A
male
age
41-50,
anonymous
writes: Well, I was with my now ex for a little over 3 years before we split. We split last year for 4 months an got back together. This time its been a year an I have been patient with her. We broke up for stupid reasons an in the beginning we would talk and then she would curse me out. I did the same an eventually I let go. We had a talk an she told me she never stopped loving me. I blew it off until our son was sick one night an she had plans to go out an her mom wouldn't watch him. So she asked to sleep at my house w him when I get off work. So they came and he was fine. She told me she didn't love me an then wouldn't leave the next day until I left for work. It went on for a few weeks until she said shes been playing the field but hasn't slept w anyone or taken my son near any guys. A few minutes later she says she only said it so I would get over her. I finally said I had enough and wont take her calls an messages about stupid things. My son told her about a bee little boy moving in. She took it as someone was moving in w me and called 3 times and then texted me asking me. I told her I didn't need to explain it but explained a girl and her son were moving in. she responded being childish saying "maybe you'll get a gf out of it". I told her to stop being childish an leave me be. So a few days pass and she comes to pick him up Bc I had to work in the morning and she tries to strike up a convo with me. I ignored her and she was trying still.

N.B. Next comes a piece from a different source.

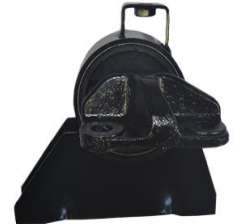
HB00-39-06Y Engine Mount for Mazda E18 B20

So I told her to stop talking to me. She leaves with our son and a few minutes later she tells me I lied about a day off and called me names. I proved her wrong an she shut up. I know I love her. But I don't know what to think. Her family always hated me so I know they play a role. I know I'm better off without her but I would deal w it for my son. Is it normal that a year later I still entertain and remain faithful? When I tell her what I do isn't her business she gets mad and tells me to leave her alone. I haven't called or messaged her in months, only replies to her. Does she still love me? Will it be awkward to even think we could get past over a year apart?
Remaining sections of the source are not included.